The U.S. commercial airline movement to “hub” operations has increased rapidly over the past several years. This trend will grow with the introduction of the Wayport concept. These giant “people exchange” facilities will feature multiple runways and massive concourses. While the Wayport developers may automate the ground movement of passengers, the sheer size of the facilities and the anticipated close scheduling of flights will confront the passenger with a problem of new dimension in getting from arrival gate to departure gate. One thing that could help alleviate the situation would be “sensible” assignment of flights to gates - sensible in that the assignment would take into account the communion of interest of the passengers. Other things being equal, the positioning of incoming flights should take into account the distribution of passengers among connecting flights. The larger the number of passengers arriving on flight X for destination A, the closer flight X should be positioned to the flight departing for A. This inquiry looks conceptually at this problem, reducing the distance passengers must walk from gate to gate. The criterion selected is minimization of the total passenger-distance travel for a given arrival-departure cycle. The problem can be conveniently cast as a 0,1 Linear Programming (LP) problem. The author discusses derivation of problem parameters and then solves several representative problems. A unique feature of the LP approach is the availability with the optimal solution of cost factors and assignments for suboptimal solutions. Minor changes in the input data do not require reworking the problem. Although the solution is characterized as conceptual, some ideas are given for practical use of the solution methodology in a dynamic airport environment.     
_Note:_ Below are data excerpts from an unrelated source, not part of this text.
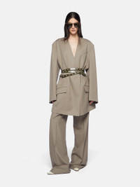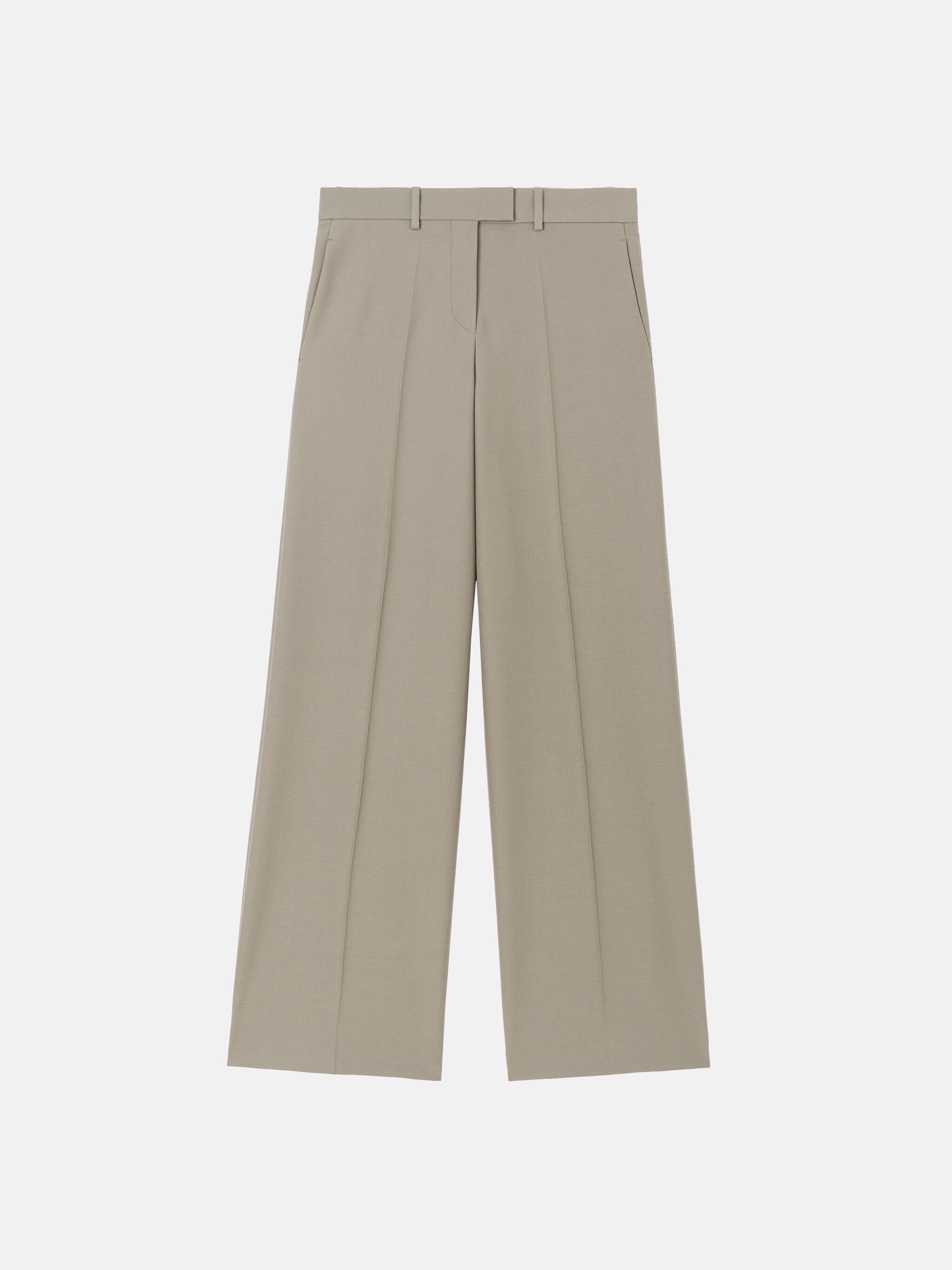 Wide leg trousers in taupe gabardine with low waist. Made in Italy. Style 250WCP00253WWW046AA215 SIZE & FIT The model is wearing a size 40 and her height is 69,6 in, bust 30,7 in, waist 23,2 in, hips 34,6 in - height 177 cm, bust 78 cm, waist 59 cm, hips 88 cm. Regular fit. We recommend taking your true size. DETAILS Main Material: 100% virgin wool, lining: 100% viscose
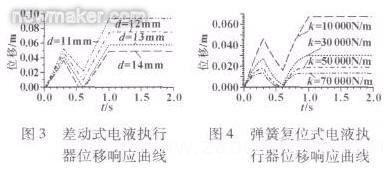 由图3可见,活塞杆直径d=12mm时,活塞左行与右行时的响应速度基本相同,此时活塞的最大位移为0.04m,活塞平均速度为0.13m/s。由图4可见,弹簧刚度越小,执行器右行时的响应速度越快(活塞移动相同距离所需要的时间越短),但左行时的响应速度越慢。相反,弹簧刚度越大,则执行器右行时的响应速度越慢,但左行时的响应速度变快。因此,弹簧刚度与执行器响应速度是一对矛盾,为兼顾活塞左行与右行时的响应速度,可取弹簧刚度k=50 000N/m,由图可见,此时活塞左行与右行时的响应速度基本相同,但活塞最大位移仅为0.018m,活塞平均速度为0.06m/s。
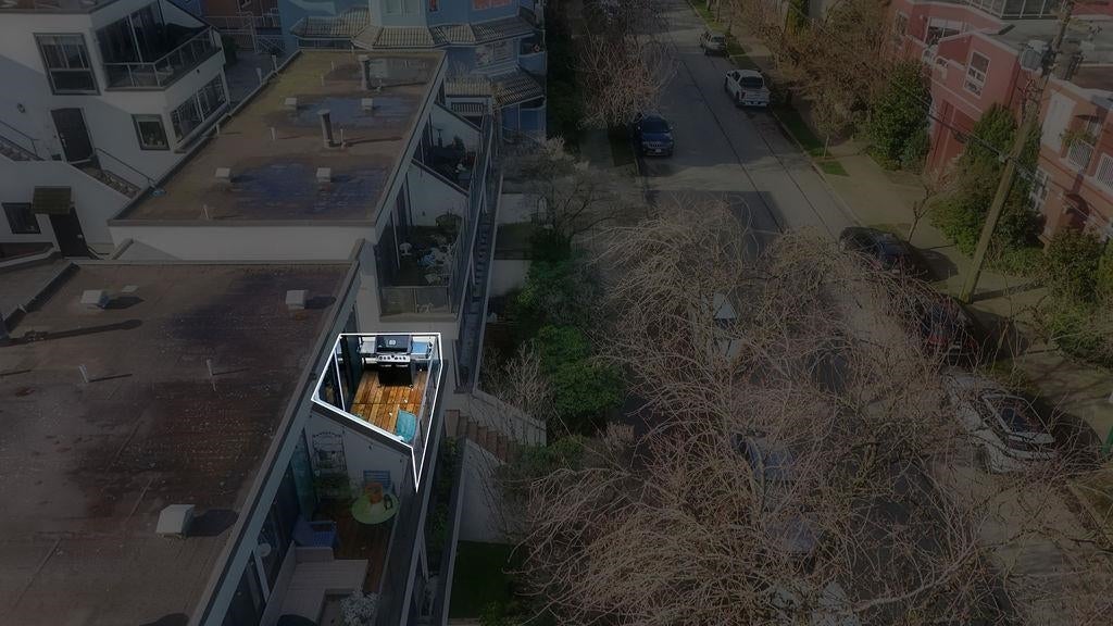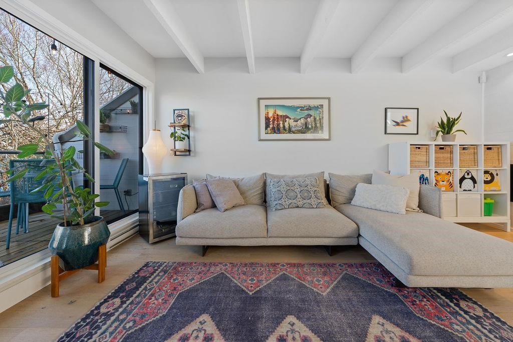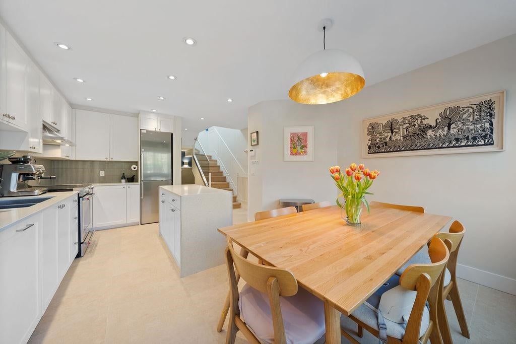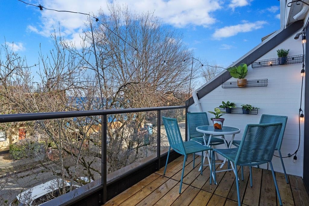 Beautifully renovated 1,181 sqft 2-bed, 3-storey home on a quiet, tree-lined bike street in the heart of Fairview. With over 200 sqft of outdoor space, enjoy stunning north-facing mountain views from your top-floor patio, plus a second private patio on the lower level — perfect for relaxing. Bright, open-concept living with a cozy electric fireplace and radiant in-floor heating on the main level. The spacious spa-inspired cheater ensuite offers a luxurious retreat. Boutique building just minutes to the new SkyTrain station, Granville Island, Laurel St. Landbridge, Charleson Dog Park, shopping, and vibrant Broadway amenities. Stylish, comfortable, and move-in ready — Fairview living at its best. 1 EV parking, 1 storage locker.

Reducing airport gate blockage in passenger aviation: Models and analysis

Commercial flights are typically assigned to an arrival gate at their destination station (airport) prior to their departure from their origin station. Although the gate is scheduled to be available when the flight arrives, this is not always the case in practice. Due to variability in departure and flight times, the arriving flight might arrive early, the previous flight departing from the gate might depart late, or both. When a flight arrives at its scheduled gate but has to wait because the preceding aircraft is still occupying that gate, we refer to this as gate blockage. Gate blockage can have many negative impacts, including passenger delays, missed connections, and increased fuel burn. Our research is focused on incorporating the inherent stochasticity of the system into the planning process to reduce the prevalence and impact of gate blockage. Specifically, we formulate an optimization problem to assign flights to gates so as to minimize the expected impact of gate blockage. We use historical data to predict delay distributions and conduct experiments to assess both the computational tractability of our approach and its potential for improvement in solution quality over existing approaches.